▶ [Exercise]
For the records below, copy exactly the span that begins at the line containing "This piece of" and stops after the line containing "This updated guide", minus any pictures.

▶ [Source material]
>>>>

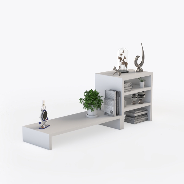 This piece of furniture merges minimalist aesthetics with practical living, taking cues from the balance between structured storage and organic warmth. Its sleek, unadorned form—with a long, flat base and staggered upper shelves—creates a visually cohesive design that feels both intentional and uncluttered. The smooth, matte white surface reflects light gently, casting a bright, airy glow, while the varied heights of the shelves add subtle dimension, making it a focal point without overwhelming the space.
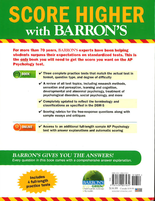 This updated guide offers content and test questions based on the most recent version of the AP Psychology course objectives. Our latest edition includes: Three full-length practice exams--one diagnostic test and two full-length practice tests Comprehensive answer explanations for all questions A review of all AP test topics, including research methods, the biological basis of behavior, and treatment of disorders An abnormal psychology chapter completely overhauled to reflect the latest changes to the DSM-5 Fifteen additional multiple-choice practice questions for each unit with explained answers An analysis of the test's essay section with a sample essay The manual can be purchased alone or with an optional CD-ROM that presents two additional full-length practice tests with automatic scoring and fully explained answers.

<<<<
>>>>

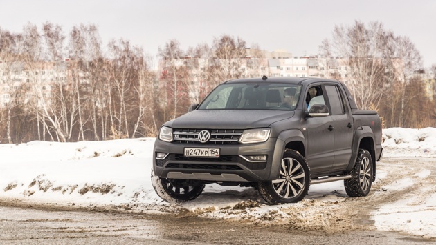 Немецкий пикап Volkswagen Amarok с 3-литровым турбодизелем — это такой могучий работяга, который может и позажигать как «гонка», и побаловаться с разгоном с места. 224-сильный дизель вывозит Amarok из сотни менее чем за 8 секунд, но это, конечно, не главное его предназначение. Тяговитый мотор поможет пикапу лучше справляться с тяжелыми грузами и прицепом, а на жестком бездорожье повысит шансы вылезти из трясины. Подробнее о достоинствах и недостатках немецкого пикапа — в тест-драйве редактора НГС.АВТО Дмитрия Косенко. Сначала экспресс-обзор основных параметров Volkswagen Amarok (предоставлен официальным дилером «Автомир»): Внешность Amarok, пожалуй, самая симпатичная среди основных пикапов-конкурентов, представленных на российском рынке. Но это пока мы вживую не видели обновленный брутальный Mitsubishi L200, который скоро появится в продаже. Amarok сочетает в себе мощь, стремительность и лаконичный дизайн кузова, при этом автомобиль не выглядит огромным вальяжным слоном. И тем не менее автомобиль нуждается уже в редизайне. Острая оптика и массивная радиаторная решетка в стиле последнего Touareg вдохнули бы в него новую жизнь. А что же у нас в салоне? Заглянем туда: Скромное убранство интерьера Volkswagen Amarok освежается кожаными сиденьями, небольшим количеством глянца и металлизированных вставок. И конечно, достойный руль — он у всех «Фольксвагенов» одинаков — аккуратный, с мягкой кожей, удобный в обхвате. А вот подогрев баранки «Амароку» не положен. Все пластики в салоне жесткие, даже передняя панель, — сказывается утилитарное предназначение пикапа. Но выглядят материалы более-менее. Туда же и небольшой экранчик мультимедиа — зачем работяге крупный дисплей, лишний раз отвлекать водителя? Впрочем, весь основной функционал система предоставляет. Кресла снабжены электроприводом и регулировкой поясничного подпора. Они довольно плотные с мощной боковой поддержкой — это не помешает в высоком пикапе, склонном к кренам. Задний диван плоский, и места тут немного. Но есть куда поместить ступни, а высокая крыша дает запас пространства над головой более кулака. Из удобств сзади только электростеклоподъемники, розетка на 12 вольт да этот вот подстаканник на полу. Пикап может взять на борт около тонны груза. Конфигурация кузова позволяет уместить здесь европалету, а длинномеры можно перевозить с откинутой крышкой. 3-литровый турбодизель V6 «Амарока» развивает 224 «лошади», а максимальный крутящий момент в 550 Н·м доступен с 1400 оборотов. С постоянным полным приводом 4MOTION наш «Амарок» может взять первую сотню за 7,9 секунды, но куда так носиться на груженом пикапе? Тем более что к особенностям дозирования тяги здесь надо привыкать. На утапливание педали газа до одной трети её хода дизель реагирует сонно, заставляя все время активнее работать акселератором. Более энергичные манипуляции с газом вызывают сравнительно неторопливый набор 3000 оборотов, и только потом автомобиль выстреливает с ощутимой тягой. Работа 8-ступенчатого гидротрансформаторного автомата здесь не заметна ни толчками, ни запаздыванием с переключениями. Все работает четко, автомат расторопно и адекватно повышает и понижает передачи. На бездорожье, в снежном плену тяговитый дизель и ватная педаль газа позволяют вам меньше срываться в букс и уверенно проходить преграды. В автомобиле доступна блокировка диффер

<<<<

▶ [Response to this exercise]
 This piece of furniture merges minimalist aesthetics with practical living, taking cues from the balance between structured storage and organic warmth. Its sleek, unadorned form—with a long, flat base and staggered upper shelves—creates a visually cohesive design that feels both intentional and uncluttered. The smooth, matte white surface reflects light gently, casting a bright, airy glow, while the varied heights of the shelves add subtle dimension, making it a focal point without overwhelming the space.
 This updated guide offers content and test questions based on the most recent version of the AP Psychology course objectives. Our latest edition includes: Three full-length practice exams--one diagnostic test and two full-length practice tests Comprehensive answer explanations for all questions A review of all AP test topics, including research methods, the biological basis of behavior, and treatment of disorders An abnormal psychology chapter completely overhauled to reflect the latest changes to the DSM-5 Fifteen additional multiple-choice practice questions for each unit with explained answers An analysis of the test's essay section with a sample essay The manual can be purchased alone or with an optional CD-ROM that presents two additional full-length practice tests with automatic scoring and fully explained answers.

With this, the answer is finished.